Solution from Brian Huffman
lemma degree_setprod_le: "degree (∏i∈S. f i) ≤ (∑i∈S. degree (f i))"
apply(cases "finite S", simp_all, induct rule: finite_induct, simp_all)
by (metis (lifting) degree_mult_le dual_order.trans nat_add_left_cancel_le)
lemma coeff_mult_sum: "degree p ≤ m ⟹ degree q ≤ n ⟹ coeff (p * q) (m + n) = coeff p m * coeff q n"
apply(cases "degree p = m ∧ degree q = n")
apply(insert coeff_mult_degree_sum[of p q], simp) [1]
apply(cases "degree p < m", cases "degree q < n")
by(insert coeff_eq_0[of q n] coeff_eq_0[of p m] degree_mult_le[of p q] coeff_eq_0[of "p*q" "m + n"], simp_all)
lemma coeff_mult_setprod_setsum:
"coeff (setprod (λx. x) S) (setsum (λx. degree x) S) = setprod (λ x. coeff x (degree x)) S"
by(cases "finite S", induct rule: finite_induct, simp_all add: coeff_mult_sum degree_setprod_le)
Yes, your lemma coeff_mult_setprod_setsum is in fact provable for arbitrary comm_ring_1 types. The reason it works without the idom class constraint is that you are never actually computing the degree of the result of a polynomial multiplication, you only are using the degrees of the factors.
I was able to prove this by induction on S using the following two lemmas:
lemma degree_setprod_le: "degree (∏i∈S. f i) ≤ (∑i∈S. degree (f i))" Proof is by cases on whether S is finite, followed by induction on S, and using library lemma degree_mult_le to solve the inductive step.

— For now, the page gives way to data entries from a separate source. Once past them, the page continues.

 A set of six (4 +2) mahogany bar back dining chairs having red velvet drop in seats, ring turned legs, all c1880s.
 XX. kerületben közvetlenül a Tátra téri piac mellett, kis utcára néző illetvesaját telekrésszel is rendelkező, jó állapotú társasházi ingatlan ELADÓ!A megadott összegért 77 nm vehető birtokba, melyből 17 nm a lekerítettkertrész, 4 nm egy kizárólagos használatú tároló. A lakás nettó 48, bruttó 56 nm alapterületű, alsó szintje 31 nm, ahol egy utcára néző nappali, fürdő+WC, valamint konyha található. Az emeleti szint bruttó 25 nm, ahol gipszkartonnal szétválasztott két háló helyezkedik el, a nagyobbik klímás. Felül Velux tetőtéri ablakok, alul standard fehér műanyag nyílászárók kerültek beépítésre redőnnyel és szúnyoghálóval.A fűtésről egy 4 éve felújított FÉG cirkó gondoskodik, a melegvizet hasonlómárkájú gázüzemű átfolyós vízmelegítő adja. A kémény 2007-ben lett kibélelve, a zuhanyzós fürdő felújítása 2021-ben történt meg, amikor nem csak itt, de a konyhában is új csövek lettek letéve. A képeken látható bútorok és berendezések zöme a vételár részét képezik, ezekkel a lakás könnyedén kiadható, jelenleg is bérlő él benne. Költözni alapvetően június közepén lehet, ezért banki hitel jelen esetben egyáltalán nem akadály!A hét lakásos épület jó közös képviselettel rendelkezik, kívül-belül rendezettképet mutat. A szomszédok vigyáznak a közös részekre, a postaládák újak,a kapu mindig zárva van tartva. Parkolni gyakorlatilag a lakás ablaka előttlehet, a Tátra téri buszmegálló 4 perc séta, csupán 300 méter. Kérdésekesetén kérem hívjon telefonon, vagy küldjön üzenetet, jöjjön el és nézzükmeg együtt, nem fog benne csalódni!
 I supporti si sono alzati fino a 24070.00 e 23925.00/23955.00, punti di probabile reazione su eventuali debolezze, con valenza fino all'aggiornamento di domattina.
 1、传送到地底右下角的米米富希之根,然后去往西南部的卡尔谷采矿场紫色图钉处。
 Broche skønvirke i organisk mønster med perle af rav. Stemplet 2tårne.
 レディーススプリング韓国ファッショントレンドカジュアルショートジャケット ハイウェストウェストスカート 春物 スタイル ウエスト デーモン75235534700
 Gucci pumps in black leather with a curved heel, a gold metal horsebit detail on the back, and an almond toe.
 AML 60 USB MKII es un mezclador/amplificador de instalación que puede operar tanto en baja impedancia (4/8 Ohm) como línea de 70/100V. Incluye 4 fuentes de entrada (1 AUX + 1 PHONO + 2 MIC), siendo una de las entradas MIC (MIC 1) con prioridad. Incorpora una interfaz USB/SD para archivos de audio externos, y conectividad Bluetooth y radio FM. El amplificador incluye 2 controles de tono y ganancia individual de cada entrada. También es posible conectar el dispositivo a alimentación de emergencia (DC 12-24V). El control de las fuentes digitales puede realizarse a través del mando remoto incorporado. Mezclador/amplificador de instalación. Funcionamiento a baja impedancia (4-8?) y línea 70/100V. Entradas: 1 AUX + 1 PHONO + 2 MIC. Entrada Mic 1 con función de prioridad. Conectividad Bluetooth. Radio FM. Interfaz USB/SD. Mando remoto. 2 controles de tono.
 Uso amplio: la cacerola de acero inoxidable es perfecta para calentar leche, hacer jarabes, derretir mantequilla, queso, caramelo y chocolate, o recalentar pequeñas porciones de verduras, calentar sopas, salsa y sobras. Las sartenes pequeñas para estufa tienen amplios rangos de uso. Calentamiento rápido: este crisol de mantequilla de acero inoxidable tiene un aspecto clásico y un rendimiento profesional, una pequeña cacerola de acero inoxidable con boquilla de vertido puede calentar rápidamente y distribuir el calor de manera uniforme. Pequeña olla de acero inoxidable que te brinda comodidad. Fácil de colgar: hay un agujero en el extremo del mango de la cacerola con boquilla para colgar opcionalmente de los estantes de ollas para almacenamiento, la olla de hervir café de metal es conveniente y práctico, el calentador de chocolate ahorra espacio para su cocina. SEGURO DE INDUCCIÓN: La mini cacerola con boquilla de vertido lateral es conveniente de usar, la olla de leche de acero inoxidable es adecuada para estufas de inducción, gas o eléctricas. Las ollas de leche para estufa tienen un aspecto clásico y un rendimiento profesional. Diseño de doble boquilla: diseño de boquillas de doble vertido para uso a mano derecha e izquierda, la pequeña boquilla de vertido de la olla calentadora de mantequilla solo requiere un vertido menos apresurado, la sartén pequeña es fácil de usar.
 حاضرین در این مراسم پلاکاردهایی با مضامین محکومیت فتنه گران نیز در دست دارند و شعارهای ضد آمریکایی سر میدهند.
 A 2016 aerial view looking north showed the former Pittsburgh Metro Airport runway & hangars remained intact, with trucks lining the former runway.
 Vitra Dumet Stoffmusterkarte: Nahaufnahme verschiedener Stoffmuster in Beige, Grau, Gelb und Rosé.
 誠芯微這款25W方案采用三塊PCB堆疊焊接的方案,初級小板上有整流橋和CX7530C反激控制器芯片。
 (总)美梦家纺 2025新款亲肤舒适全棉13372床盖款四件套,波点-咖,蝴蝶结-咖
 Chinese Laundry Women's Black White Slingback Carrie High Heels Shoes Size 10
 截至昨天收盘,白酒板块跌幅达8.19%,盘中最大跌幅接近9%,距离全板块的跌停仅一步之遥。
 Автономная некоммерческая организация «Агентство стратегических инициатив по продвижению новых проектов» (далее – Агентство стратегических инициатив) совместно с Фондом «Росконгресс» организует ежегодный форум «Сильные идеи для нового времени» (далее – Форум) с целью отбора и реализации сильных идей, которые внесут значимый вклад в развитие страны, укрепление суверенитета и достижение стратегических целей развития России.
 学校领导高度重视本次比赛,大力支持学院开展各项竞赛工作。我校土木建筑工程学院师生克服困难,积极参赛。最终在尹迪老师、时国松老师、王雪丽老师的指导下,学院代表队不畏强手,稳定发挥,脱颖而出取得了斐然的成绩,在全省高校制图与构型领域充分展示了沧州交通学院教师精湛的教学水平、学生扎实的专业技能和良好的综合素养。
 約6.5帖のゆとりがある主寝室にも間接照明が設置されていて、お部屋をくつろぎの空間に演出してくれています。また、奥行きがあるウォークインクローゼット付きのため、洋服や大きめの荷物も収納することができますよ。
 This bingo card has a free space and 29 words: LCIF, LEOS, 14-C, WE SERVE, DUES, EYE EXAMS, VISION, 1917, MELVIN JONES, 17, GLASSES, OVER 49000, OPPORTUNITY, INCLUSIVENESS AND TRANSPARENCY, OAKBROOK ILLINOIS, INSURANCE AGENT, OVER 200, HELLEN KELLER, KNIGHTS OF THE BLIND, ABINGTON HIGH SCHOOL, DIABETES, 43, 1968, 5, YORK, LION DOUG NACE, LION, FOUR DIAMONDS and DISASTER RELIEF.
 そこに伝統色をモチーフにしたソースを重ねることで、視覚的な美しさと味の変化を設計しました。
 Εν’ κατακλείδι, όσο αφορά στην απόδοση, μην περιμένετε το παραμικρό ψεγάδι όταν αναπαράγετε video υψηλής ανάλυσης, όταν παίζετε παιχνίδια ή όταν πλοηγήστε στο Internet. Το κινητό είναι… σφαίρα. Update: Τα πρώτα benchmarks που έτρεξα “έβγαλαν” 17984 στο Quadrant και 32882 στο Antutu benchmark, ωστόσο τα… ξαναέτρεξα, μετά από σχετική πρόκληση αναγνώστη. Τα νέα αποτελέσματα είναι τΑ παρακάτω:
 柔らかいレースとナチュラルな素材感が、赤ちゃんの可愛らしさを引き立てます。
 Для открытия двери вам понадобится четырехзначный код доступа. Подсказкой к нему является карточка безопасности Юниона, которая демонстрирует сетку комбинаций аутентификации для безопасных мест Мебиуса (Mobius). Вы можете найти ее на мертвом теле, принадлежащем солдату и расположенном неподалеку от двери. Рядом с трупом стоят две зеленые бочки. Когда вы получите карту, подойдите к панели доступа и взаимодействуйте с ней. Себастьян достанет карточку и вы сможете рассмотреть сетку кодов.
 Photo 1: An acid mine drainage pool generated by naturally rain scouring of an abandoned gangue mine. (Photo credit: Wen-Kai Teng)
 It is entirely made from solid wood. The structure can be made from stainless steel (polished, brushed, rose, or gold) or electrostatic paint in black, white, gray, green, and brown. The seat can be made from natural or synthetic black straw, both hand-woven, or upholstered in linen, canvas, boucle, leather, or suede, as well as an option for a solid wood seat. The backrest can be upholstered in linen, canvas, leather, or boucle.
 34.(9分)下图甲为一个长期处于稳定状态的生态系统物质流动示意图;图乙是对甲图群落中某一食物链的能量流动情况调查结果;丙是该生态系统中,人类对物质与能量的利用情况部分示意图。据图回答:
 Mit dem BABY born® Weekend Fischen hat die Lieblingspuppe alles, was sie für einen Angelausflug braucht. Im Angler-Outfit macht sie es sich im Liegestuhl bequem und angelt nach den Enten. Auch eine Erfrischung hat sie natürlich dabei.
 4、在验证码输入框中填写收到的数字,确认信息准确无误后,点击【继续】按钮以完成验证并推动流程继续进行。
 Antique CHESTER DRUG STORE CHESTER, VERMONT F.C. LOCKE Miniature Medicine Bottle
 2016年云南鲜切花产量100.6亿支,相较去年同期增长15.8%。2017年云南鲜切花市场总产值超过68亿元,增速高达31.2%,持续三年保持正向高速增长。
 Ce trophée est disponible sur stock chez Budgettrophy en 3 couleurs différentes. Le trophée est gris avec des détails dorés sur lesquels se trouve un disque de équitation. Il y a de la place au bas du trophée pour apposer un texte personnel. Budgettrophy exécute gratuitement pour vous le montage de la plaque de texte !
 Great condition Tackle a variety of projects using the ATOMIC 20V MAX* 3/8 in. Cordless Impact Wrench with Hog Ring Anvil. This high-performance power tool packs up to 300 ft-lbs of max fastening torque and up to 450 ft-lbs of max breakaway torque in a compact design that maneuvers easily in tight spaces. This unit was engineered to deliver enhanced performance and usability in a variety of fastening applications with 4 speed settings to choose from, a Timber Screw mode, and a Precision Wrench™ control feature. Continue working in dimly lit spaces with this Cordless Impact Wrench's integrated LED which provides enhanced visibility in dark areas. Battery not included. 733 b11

lemma coeff_mult_sum: "degree p ≤ m ⟹ degree q ≤ n ⟹ coeff (p * q) (m + n) = coeff p m * coeff q n" Proof is by case analysis on whether degree p < m or degree p = m (similarly for q and n). In the less-than cases, library lemma coeff_eq_0 shows that both sides are zero; the final case follows from library lemma coeff_mult_degree_sum.
The problem is, quite simply, that if you don't have an integral domain, coefficients might become zero when multiplying two polynomials, in fact, even the entire polynomial can become zero. For example, consider the commutative ring ℤ/4ℤ, i.e. integers modulo 4. Then the polynomial 2X has degree 1, but 2X · 2X = 4X² = 0 has degree -∞ (or 0, by Isabelle convention).
You need the fact that there are no zero divisors for something like this.
On a related note: it is called “idom”, for “integral domain”, not “ideom”.